Flames’ Current Road Trip Will Be Character-Defining

The Calgary Flames are currently not where many fans and experts projected them to be after the historic offseason they had. They currently sit fifth in the Pacific Division with a 7-7-2 record, and if the playoffs began today, they would be on the outside looking in as the rival Edmonton Oilers and the Nashville Predators currently occupy the West’s two wild card spots. They are also losing points on the road, where they are 1-3-1. They need some puck luck and better performances from their netminders if they want to climb up the rankings and secure their spot in the playoffs. Fortunately for the Flames, they are on a six-game road trip through the Eastern Conference and have a great opportunity to try and figure themselves out.

MacKenzie Weegar Calgary Flames
MacKenzie Weegar, Calgary Flames (Photo by Gerry Thomas/NHLI via Getty Images)

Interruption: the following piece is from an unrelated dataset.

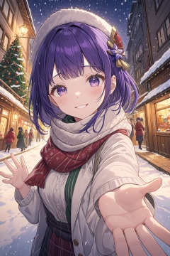 ultra-detailed,(best quality),((masterpiece)),(highres),original,extremely detailed 8K wallpaper,(an extremely delicate and beautiful),anime,1girl,raiden shogun,purple hair,solo,looking at viewer,smile,BREAKExaggerated perspective,ultra wide shot,reaching out hand,foreshortening,on the tokyo street,realistic,highres,female focus,solo,snowy day,scarf,hat,flying snow,fish-eye len,fish eye angle,ambient occlusion,rim lighting,bustling,The streets at night wall in the Christmas,Red and green theme,Christmas dress,Christmas Hat,Christmas tree,Christmas elements,BREAK<lora:XL 超级雷神_1.0:0.7>,

The Flames have already unfortunately dropped the first leg of their trip to the Tampa Bay Lightning by a score of 4-1. Next, they face the Florida Panthers on Saturday followed by the Philadelphia Flyers, and Pittsburgh Penguins, ending off with the Washington Capitals and Carolina Hurricanes on a back-to-back. This road trip offers the team an outstanding opportunity to test their mettle against some top-tier teams as well as gain some valuable points and try to kickstart a change in play for the rest of the season.

A Florida Homecoming

As previously mentioned, the introductory game against the Lightning was a wash. As comes naturally on these trips, the Panthers come next. This will not just be another game, however, as it will serve as the first time the two teams have met since the huge offseason trade between them involving Matthew Tkachuk, Jonathan Huberdeau, and Mackenzie Weegar, among others. Huberdeau was drafted by and played the first ten seasons of his career with the Panthers, ditto for Weegar except he spent six seasons in the Sunshine State. It will be the first time they will play as opponents in the FLA Live Arena, and in addition, it will be the first time Tkachuk plays his old teammates. It will be interesting, to say the least, to see how or if Huberdeau and Weegar step their game up, as well as how the rest of the Flames will rally in their honour.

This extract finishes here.